È questo che fa male a Crapulone e ai suoi.
Loro proprio non riescono ad accettare che dopo aver piantato la loro bandierina su castelli, ville, colline e campi, non possano farlo anche con il mare. È mio, dicono dell’oro di cui si sono impossessati, è mio, dicono delle ricchezze di cui hanno privato gli altri, è mio, dicono del cibo di cui si ingozzano e del vino che versano a fiumi.
Ma il mare no.
Del mare non sono ancora riusciti a impossessarsi, e questo dà fastidio a Crapulone e ai suoi, li irrita, di più, li fa imbestialire. Certo si è impadronito delle spiagge migliori, dei porti, delle imbarcazioni. Certo può fare il bagno in atolli lontani dove la plebaglia non può disturbarlo. Eppure non è contento, perché assistere impotente a qualche miserevole lavoratore che si immerge nelle acque del mare, senza nemmeno poter chiamare la polizia e scacciarlo via, è un autentico cruccio.

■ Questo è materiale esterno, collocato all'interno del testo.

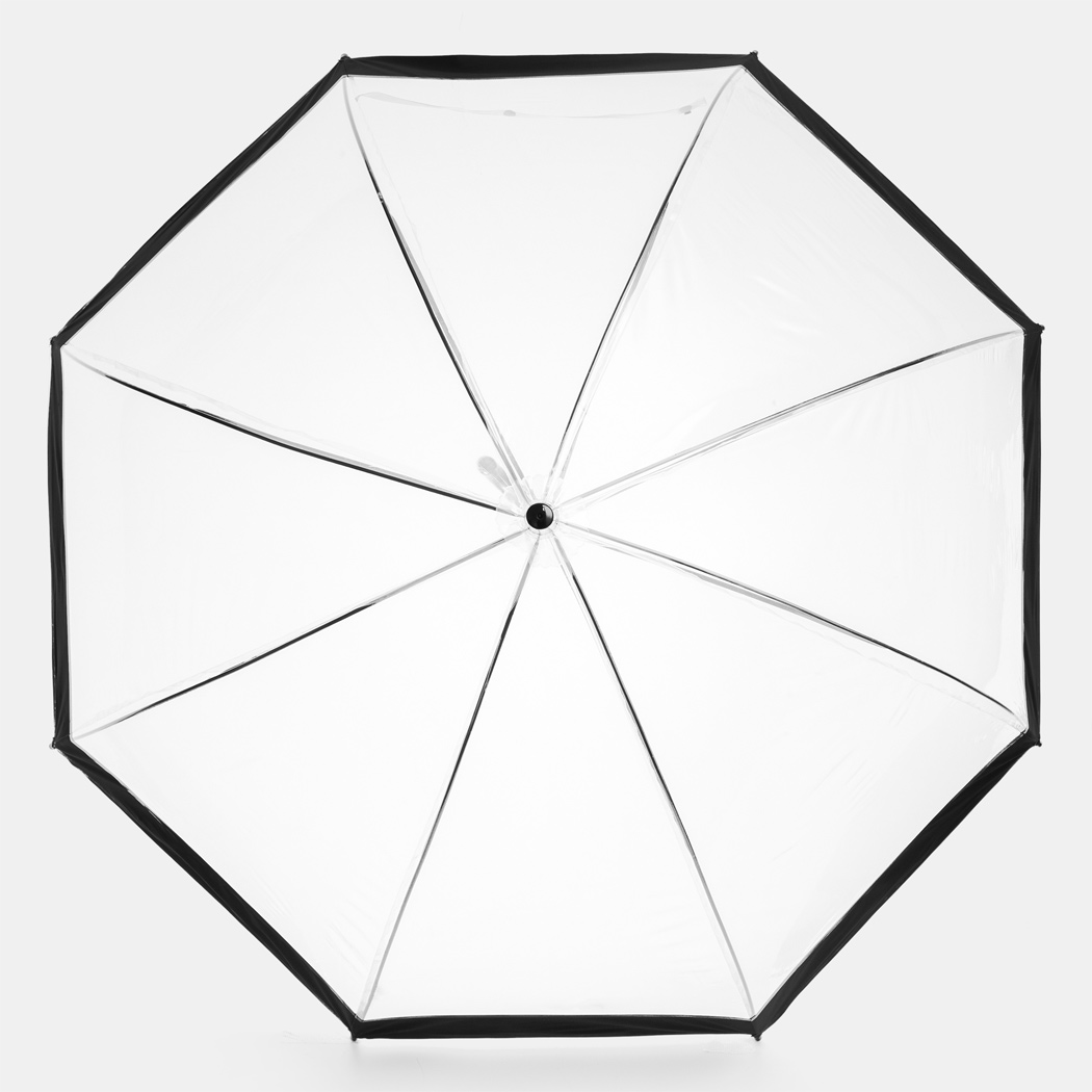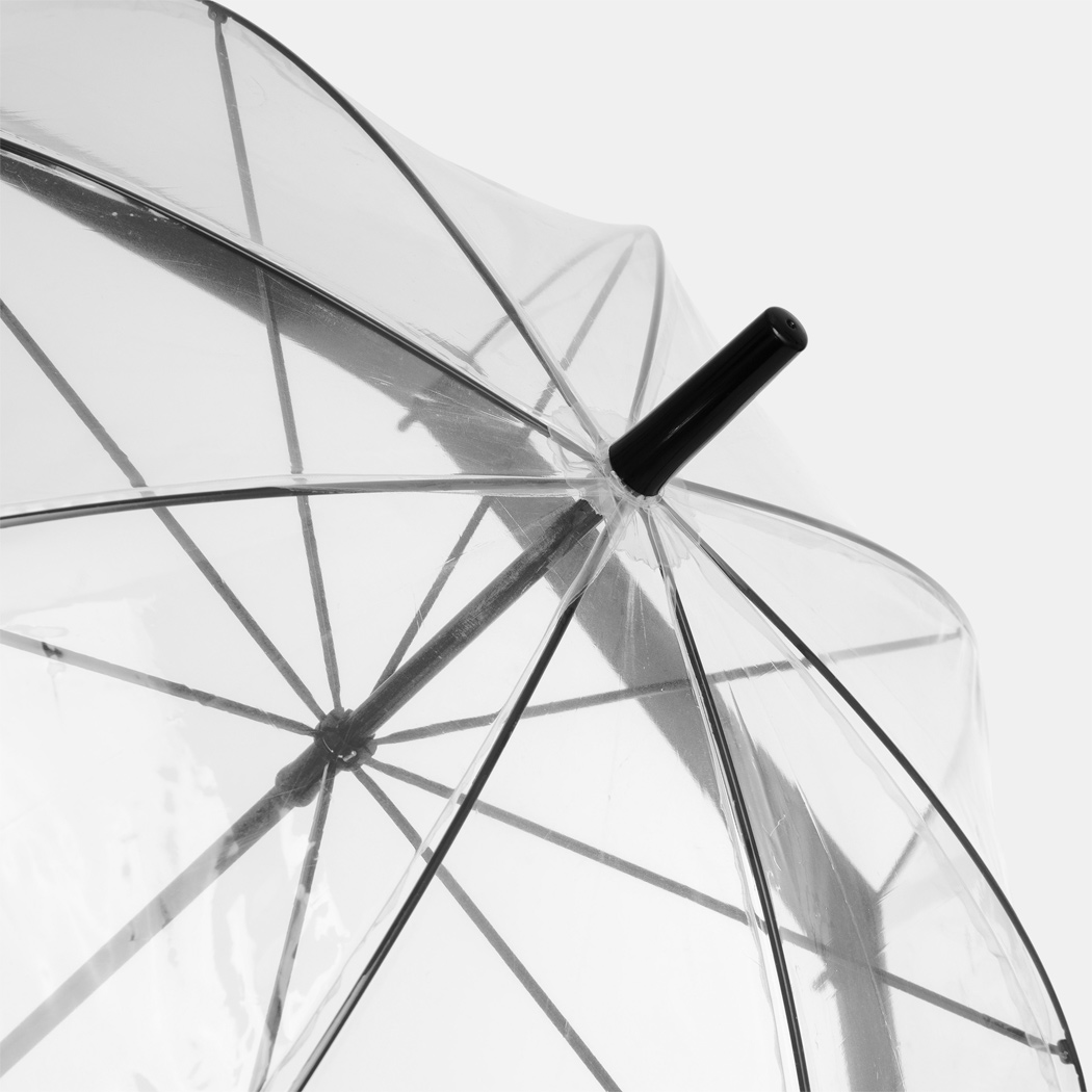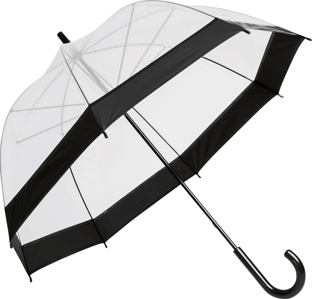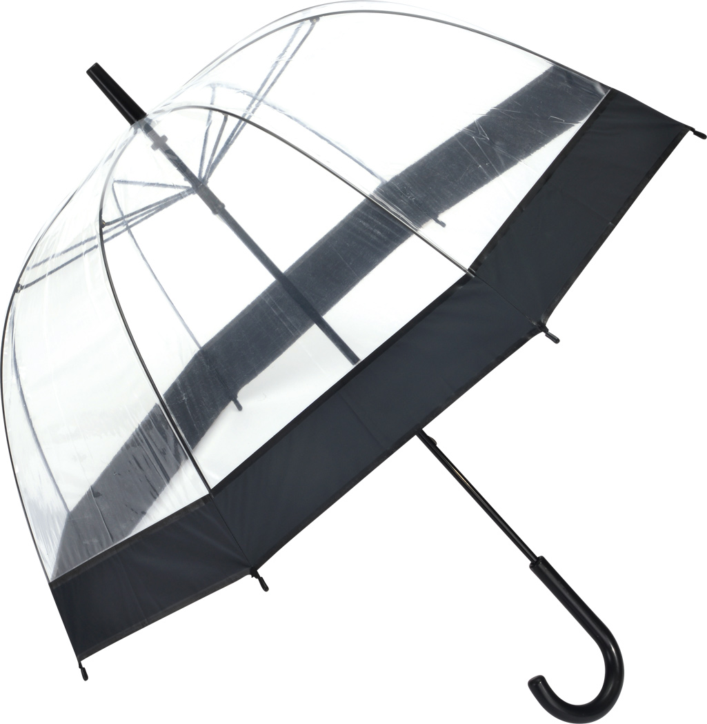 Glockenschirm HONEYMOON: Metallstock und –speichen, Kunststofftips und –spitze, Kunststoffrundhakengriff, transparente POE-Bespannung mit farbiger Bordüre, Schließband mit Druckknopf
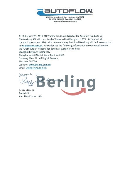 美國AUTOFLOW公司于2015年8月28日授權我公司為中國區代理

E allora ha deciso di prendersi anche il mare, Crapulone. Ha cominciato a trivellarlo, piazzando qua e là enormi piattaforme di estrazione. Sono sue, le piattaforme, ovviamente. E anche il gas, anche se un po’ ne lascia, bontà sua, anche per gli altri. Pazienza se sono brutte da vedersi, pazienza se allontano i turisti, pazienza se c’è il rischio che inquinino il mare. Tanto Crapulone e i suoi potranno sempre andarsene all’atollo. L’importante era piantare quella bandierina, perché la trivella altro non è che un enorme monumento all’ego di chi potrà finalmente dire “anche il mare è mio”.
Ci sono tante buone ragioni per votare sì al referendum del 17 aprile, quasi tutte migliori di questa. Più articolate, più scientifiche, più consistenti.
Io voto sì solo perché Crapulone mi sta sulle balle e finché la democrazia mi consente di ostacolarlo, porcaccia di quella miseria, lo farò.